Adesso come insegnano Toti, Lagarde, Fornero devono aggiungere il sacrificio di diventare invisibili in modo da esonerare degli obblighi della coscienza, possibilmente conferendosi in strutture idonee che collaborano a rafforzare le rendite e i patrimoni laici o ecclesiastici, comunque privati, diventando provvidenziali focolai che ne affrettino la dolorosa ma socialmente utile dipartita precoce.   

Intanto comincino a starsene al chiuso, soli, isolati, per il loro bene eh, si industrino per trasformarsi in nativi digitali ordinando su Glovo e Amazon, saldando le fatture su PayPal e provvedendo a regalie natalizie con doviziosi bonifici online in modo che giovani congiunti finalmente liberi dalle responsabilità figliali e dinastiche possano festeggiare in numero di 6 e pure dedicarsi a attività contemplative e spirituali con la panza piena grazie a loro.

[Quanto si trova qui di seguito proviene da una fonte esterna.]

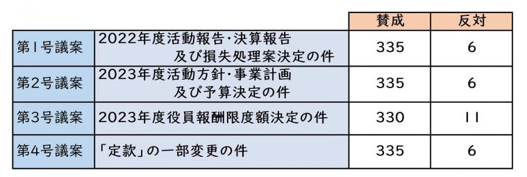 6月20日(火)コープおきなわ第48期通常総代会が開催されました。総代総数398人のうち、341人が議決に参加し、提案された第1~3号議案が賛成過半数、第4号議案が3分の2以上の賛成で可決されました。
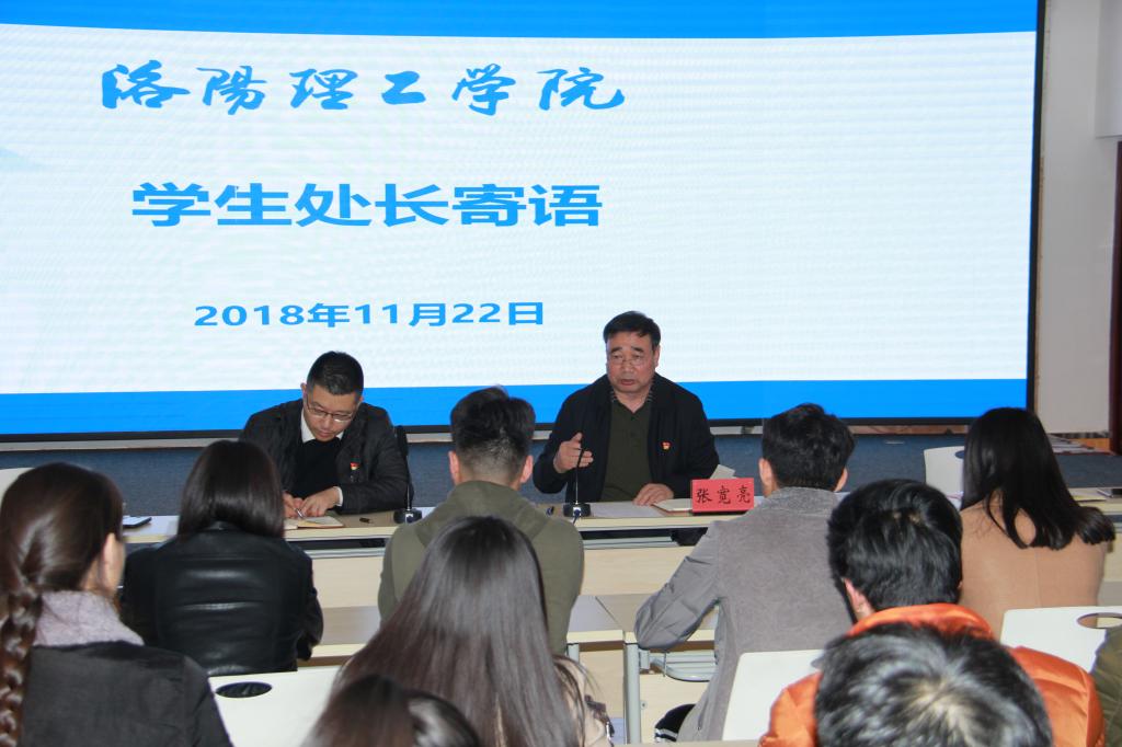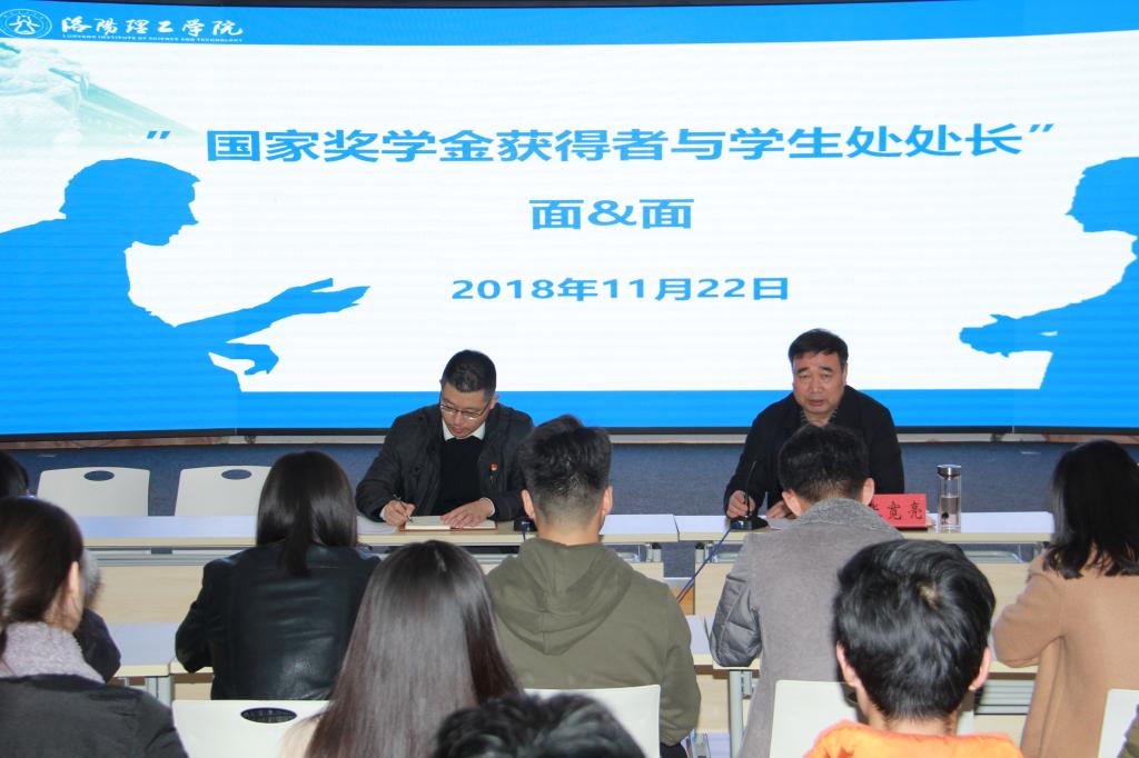 11月月23日晚,国家奖学金获得者与学生处长面对面访谈活动在王城校区大学生心理健康教育中心情景剧场顺利举行,学生处处长张宽亮作客访谈活动,会议由学生处副处长王学峰主持,来自各学院的2018年获得国家奖学金的50名学生参加了此次访谈活动。
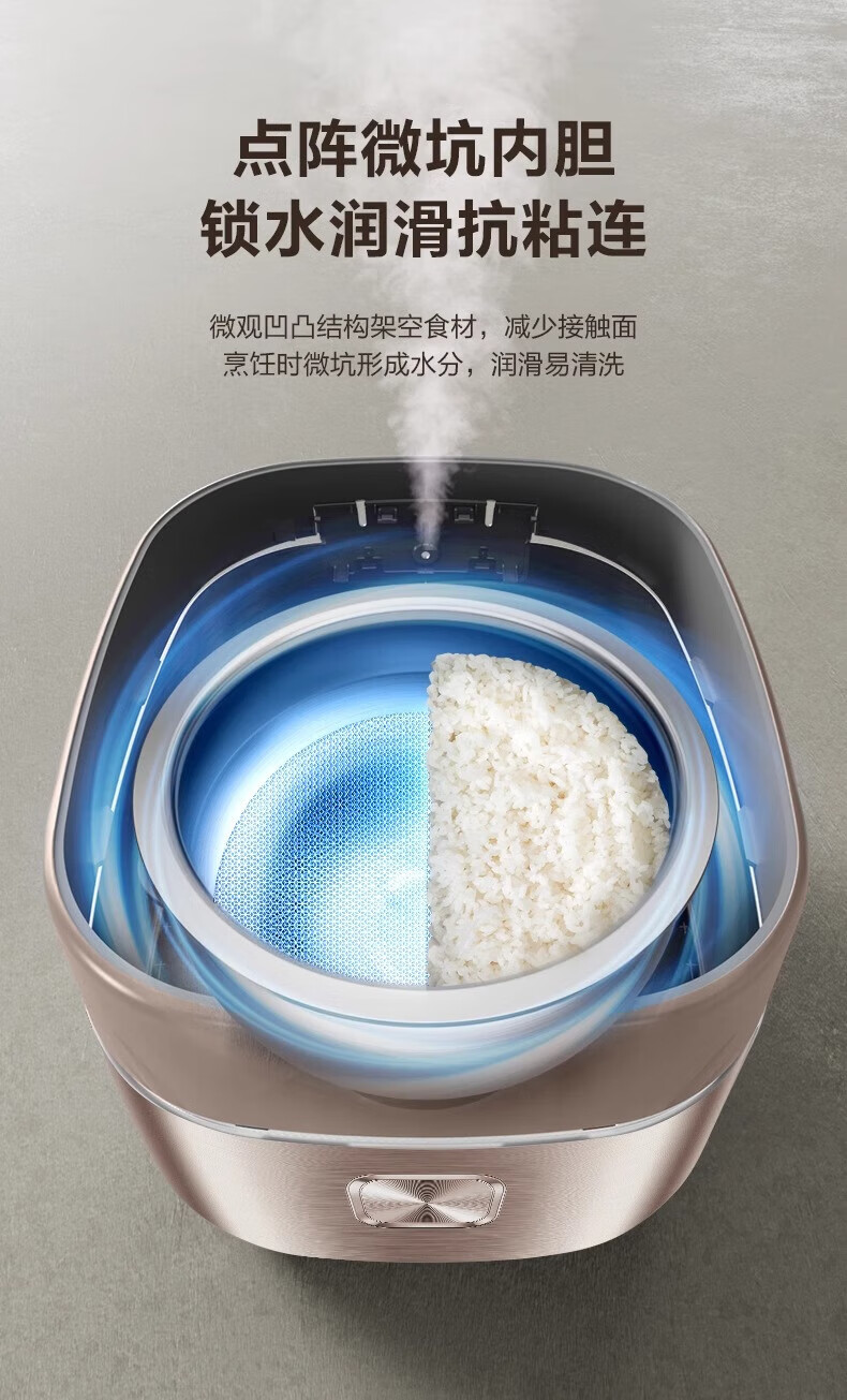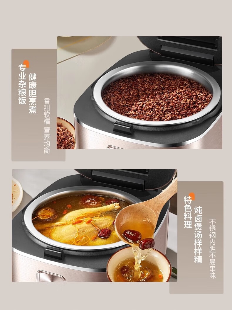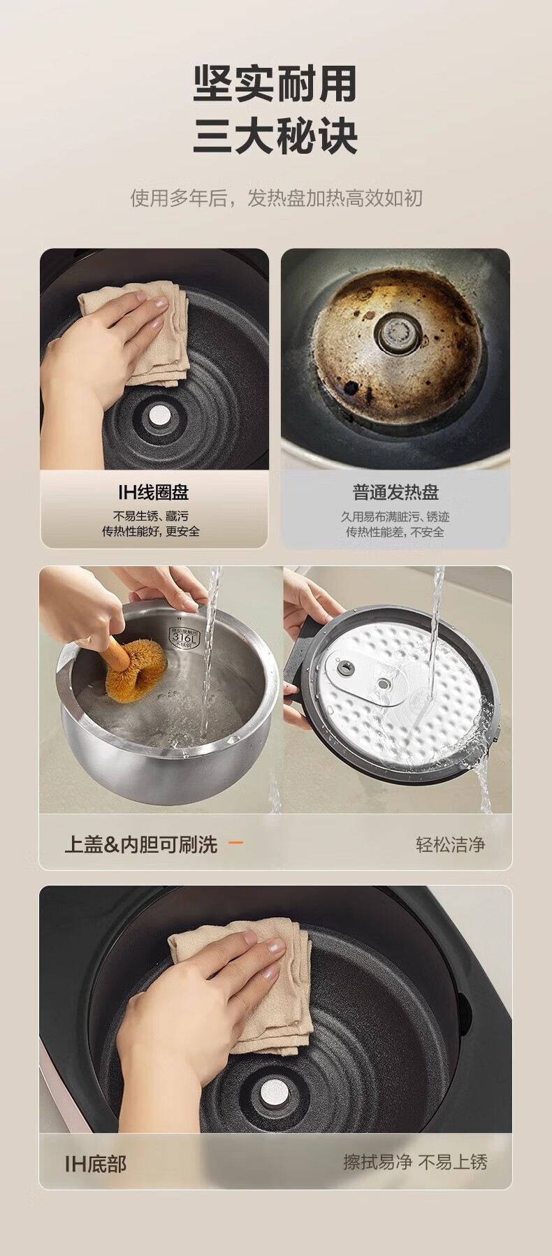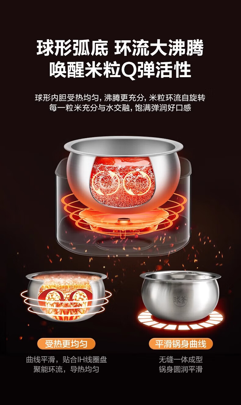 316L球釜钢胆,粒粒透芯香甜;2代点阵微坑内胆,锁水抗粘 3.304不锈钢低糖; 304食品接触用不锈钢可拆内盖 ,高档易清洁
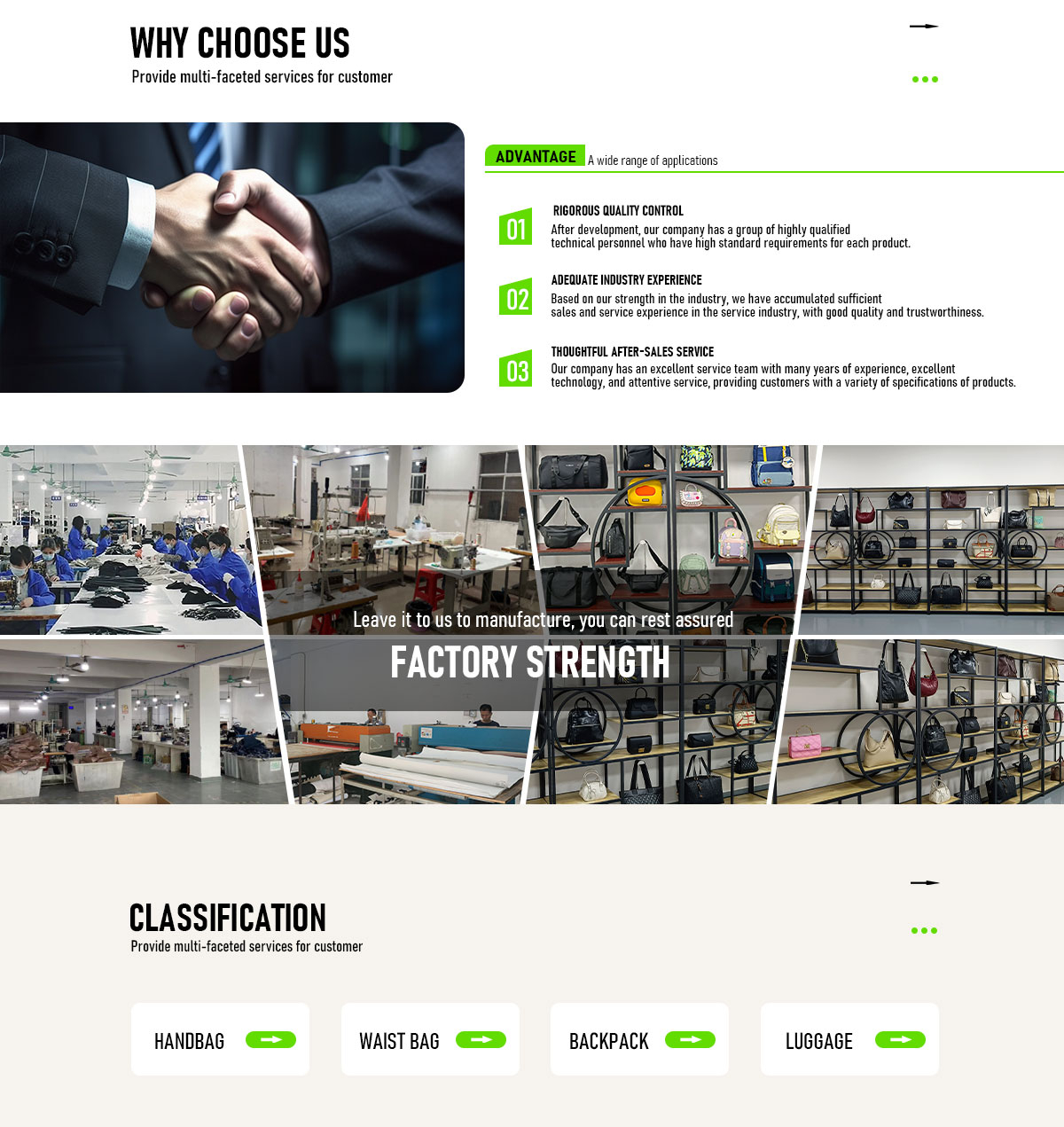 Productos principales:Bolso, mochila, bolsa de lona, bolsa de cintura, equipaje

E infatti qualcuno del Pd in vena di rinnovo della rottamazioni si aggiunge all’invito al solitario romitaggio presidenziale: “Cenone di Natale solo tra i familiari di primo grado” e un virologo, tal Fabrizio Pregliasco sulla Stampa lancia un monito: “Gli italiani devono rassegnarsi a un Natale in famiglia, ma nel senso più stretto del termine, senza nemmeno poter avere i nonni a tavola”.  

E dire che in tanto ve l’avevamo detto che il Covid non sarà frutto avvelenato di un complotto ma ha assunto la forma di una macchinazione tossica per produrre quelle divisioni che aiutano gli imperi, per spezzare antichi patti affettivi, sociali, generazionali, per creare disuguaglianze ancora più profonde tra superiori economicamente e moralmente e inferiori immeritevoli di cure e prerogative che erano state conquistate dal tutti e per tutti. E che la continua proposta della solitudine, dell’isolamento, del distanziamento dagli altri è opinabile che rappresenti la salvezza dal contagio, ma è certo che crei danni insanabili, oltre a quello “civile” di creare diffidenza, sfiducia negli altri e di consolidare l’indole punitiva di poteri che declinano le loro responsabilità addossandole a una cittadinanza puerile, sconsiderata e scioperata.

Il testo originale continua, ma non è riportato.